I come from a place where breath, eyes and memory are one, a place from which you carry your past like the hair on your head. Where women return to their children as butterflies or as tears in the eyes of the statues that their daughters pray to. My Mother was as brave as the stars at dawn. She too was from this place. My mother was like that woman who could never bleed and then could never stop bleeding, the one who gave in to her pain, to live as a butterfly. Yes, my mother was like me. (Breath, Eyes, Memory. 1994)

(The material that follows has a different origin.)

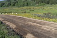A lush green landscape in Washington Gulch, Colorado. The elevated dirt road winds through the high mountains, surrounded by dense forests. Ideal for recreational activities, off-road tracks, and nature exploration. Crested Butte, USA is the perfect destination for outdoor enthusiasts.

Edwidge Danticat was born in Haiti in 1969. She was separated from both of her parents because of their immigration to the United States. She lived with relatives in Haiti until she was 12, when she was reunited with her parents. She earned a degree in French from Barnard and an M.F.A. at Brown University. Her thesis work became her first novel, Breath, Eyes, Memory, a tale of the struggles of four generations of women to overcome poverty and other family curses. After she completed her master’s work, Edwidge Danticat worked for Jonathan Demme’s New York city production office. She served as an associate producer on Courage and Pain, a documentary about Haitian survivors of torture. In 1995, a collection of short stories, Krik? Krak?, was published and nominated for a National Book Award. Edwidge Danticat is often compared to Alice Walker because of her fearlessness where controversial topics are concerned. (Norton Anthology/Answers.com)
I like it.
She is a great writer and determined to give voice to the voiceless Haitians in Haiti and in the US.